I haven’t been involved with the Occupy movement although I’ve been an observer since its start in Bristol as I was working in the building in front of which the protest was held. I’m sympathetic as most thinking people are to the aims of the movement but there seemed to be something a bit half-baked about the protest. Ultimately it’s good that there are people prepared to get out there and propagate and defend their beliefs. Earlier this evening (30th December 2011 – in the dark) I managed to do my bit by contributing to a gathering where we got together by the side of the camp and sang a few songs. It was organised by my friend Jo Harris and was aimed principally to promote the ideas of the Positive Money organisation.
Personally I look to Chomsky to give me guidance in the sphere of global development.

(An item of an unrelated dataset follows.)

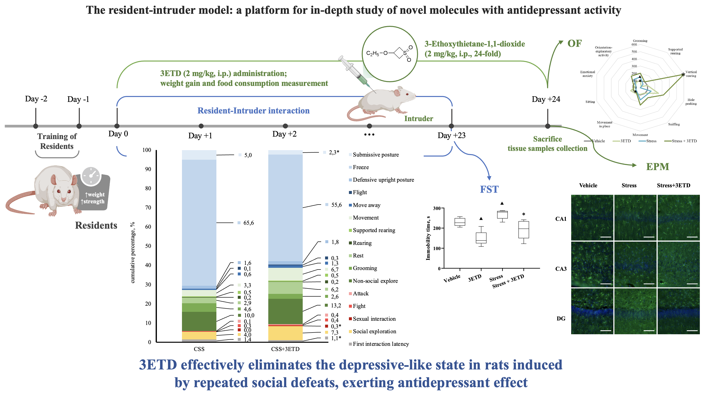 Introduction: The aim of the study was to investigate the features of the resident-intruder paradigm as a basic translational method for in-depth evaluation of antidepressant activity of new compounds using the example of 3-ethoxythietane-1,1-dioxide (3ETD), which has antidepressant activity.

I believe that he is the godfather of all this Occupy-type stuff. For me he sits astride the 20th-21st century socio-political world as Marx did in the 19th century, but whereas Marx developed a political system which would replace capitalism, Chomsky has just given us a critique of the current global political situation, there is no alternative system presented. Perhaps this is the best way.
My problem is that I look at history to provide antecedents. There’s always been a lot of shit happening and I find it hard to believe that that’s going to stop being the case. The rest is messianism.
Anyway here are a few quotations from Chomsky from an interview by Corporate Watch from May 1998,
Computers were created at public expense and public initiative. In the 1950s when they were being developed, it was about 100% public expense. The same is true of the Internet. The ideas, the initiatives, the software, the hardware — these were created for about 30 years at public initiative and expense, and it’s just now being handed over to guys like Bill Gates.
…that’s the whole point of corporatization — to try to remove the public from making decisions over their own fate, to limit the public arena, to control opinion, to make sure that the fundamental decisions that determine how the world is going to be run — which includes production, commerce, distribution, thought, social policy, foreign policy, everything — are not in the hands of the public, but rather in the hands of highly concentrated private power.
If you go back to around 1970, international capital flows were about 90% related to the real economy, like trade and investment. By now, at most a few percent are related to the real economy. Most have to do with financial manipulations, speculations against currencies, things which are really destructive to the economy. And that is a change that wasn’t true, not only wasn’t true 100 years ago, it wasn’t true 40 years ago.
So the first thing that has to be done is to create for ourselves, for the population, systems of interchange, interaction, and so on. Like Corporate Watch, Public Citizen, other popular groupings, which provide to the public the kinds of information and understanding, that they won’t otherwise have. After that they have to struggle against it, in lots of ways which are open to them. It can be done right through pressure on Congress, or demonstrations, or creation of alternative institutions. And it should aim, in my opinion, not just at narrow questions, like preventing monopoly, but also at deeper questions, like why do private tyrannies have rights altogether?